The input in the example above is John’s file of particularly “evil” HTML; you can pass a local filename as the argument as well. The wide selection of optional command line parameters include various options for dealing with “bogons,” or unknown elements: you can tell TagSoup to leave them alone (other than ensuring that they’re well-formed), delete them, or render them empty with their contents moved outside of their tag boundaries.

Dave Raggett’s HTML Tidy program has been justly popular for cleaning up messy HTML, but it can be a bit picky. The Tag Soup motto is “Keep On Truckin’,” and it will forge ahead to do its best with whatever you give it. (Try a View Source of the evil.html mentioned above to see the kind of HTML that it valiantly navigates.) The TagSoup home page further describes its differences from HTML Tidy.

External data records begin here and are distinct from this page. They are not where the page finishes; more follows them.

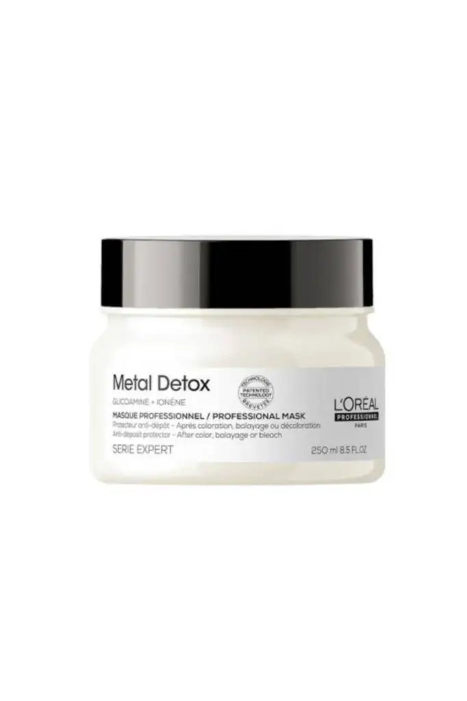 L'Oréal Professionnel Metal Detox Maske, boyalı, balyajlı veya açık tonlu saçlarda biriken bakır, demir ve diğer metalleri nötralize eden, renk tonlarının canlılığını koruyan ve saçı derinlemesine besleyen yoğun bir bakım ürünüdür. İçeriğindeki EDTA ve Citrate kompleksi ile metalleri temizler, hyaluronik asit ile nemlendirir ve saçı gelecek hasarlara karşı korur. 250ml boyutu ile hem ev hem de profesyonel kullanıma uygundur.
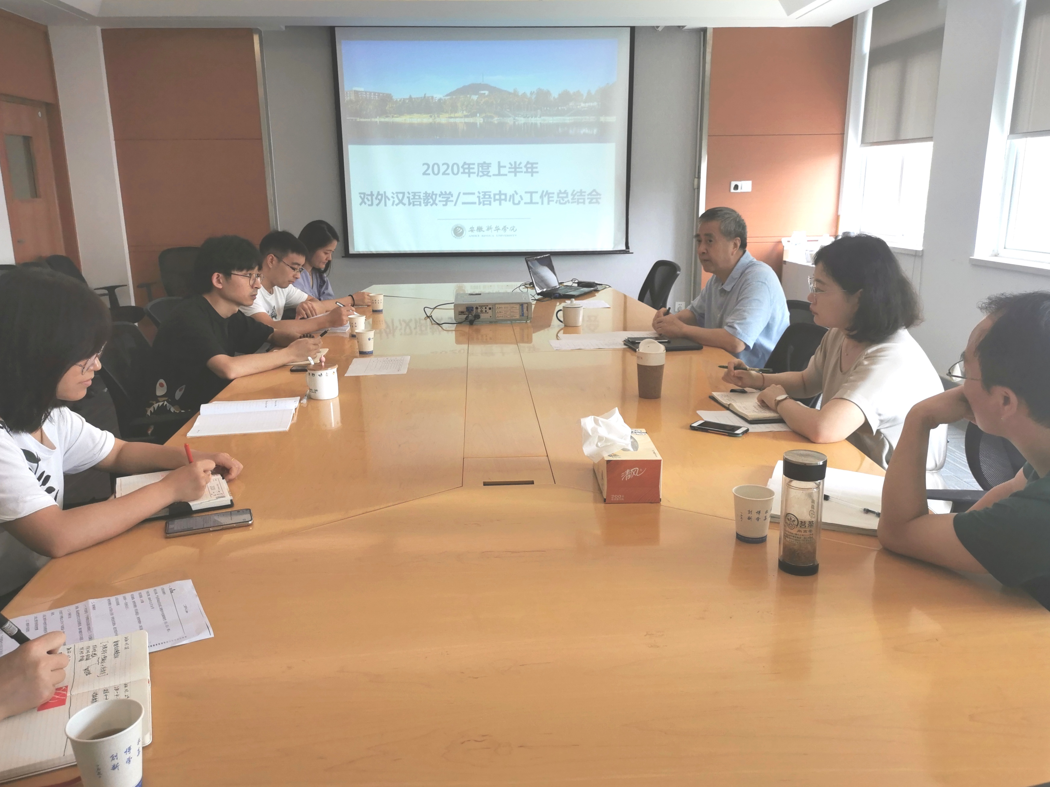 本网讯(通讯员:石丽丽)为了总结本学期我校汉语教学及汉语作为第二语言教学研究中心工作,同时合理布置下半年的工作。2020年7月31日上午在国际教育学院会议室召开了工作会议,国际教育学院院长范东生、院长助理黄喆、对外汉语教研室以及二语中心全体成员参会。
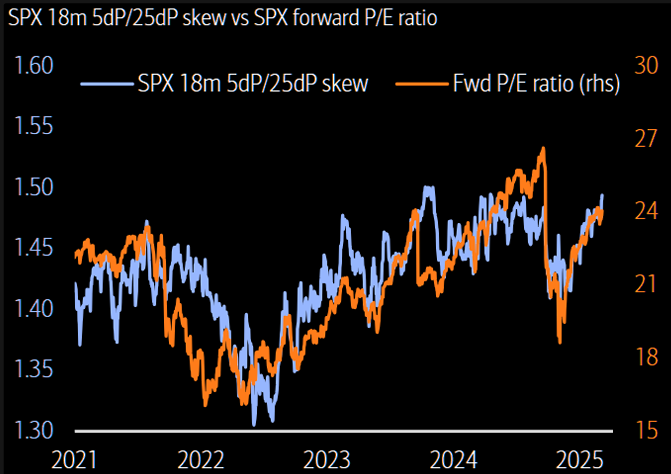 2. 주식 : 2년 연속 P/E 비율 상승, SPX 스큐는 이에 맞춰 가팔라지고 있음.
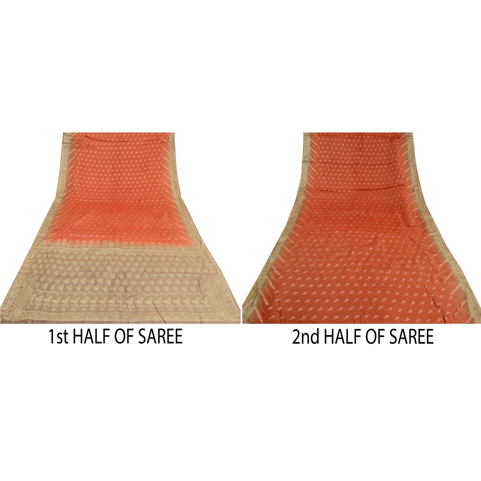 Sanskriti Vintage Brown/Orange Sarees 100% Pure Silk Woven Sari Craft Sustainable Fabric
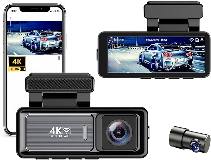 MINI Çift Lensli WiFi GPS Dash Kamera – 4K Ön Kamera & 1080P Arka Kamera, Gece Görüşü, Park Modu, Geniş Açılı Lens, Döngüsel Kayıt, 128GB SD Kart Desteği (Dahil değildir) M6

A companion to TagSoup is TSaxon, a repackaging of version 6.5.3 of Michael Kay’s Saxon XSLT 1.0 implementation that includes TagSoup. (I would have posted about TagSoup 1.0 earlier, but John was straightening out some jar packaging problems with TSaxon.) Point TSaxon at an XSLT stylesheet and some ugly HTML, and the TagSoup parser will clean up the HTML before passing it along to Saxon to have the stylesheet applied. For example, the following (without the carriage returns), when using the TSaxon version of saxon.jar, adds id attributes to block elements of the cleaned-up version of evil.html:

java -jar saxon.jar -H 
  http://home.ccil.org/~cowan/XML/tagsoup/extreme.html 
  http://www.snee.com/xml/xslt/addids.xsl

John has worked on this for four years, and was careful not push it along any faster than it deserved to go (I wanted to write about TSaxon in my XML.com column on XSLT, but he insisted that it wasn’t ready yet), so reaching 1.0 is really a milestone for TagSoup. It’s quite a gift to people who do screenscraping or any kind of beating into shape of messy HTML content.

1 Comments

By Max Völkel on July 6, 2006 9:12 AM

You should also have a look at CyberNeko, that libary by Andy Clark is well-maintained and well-performing.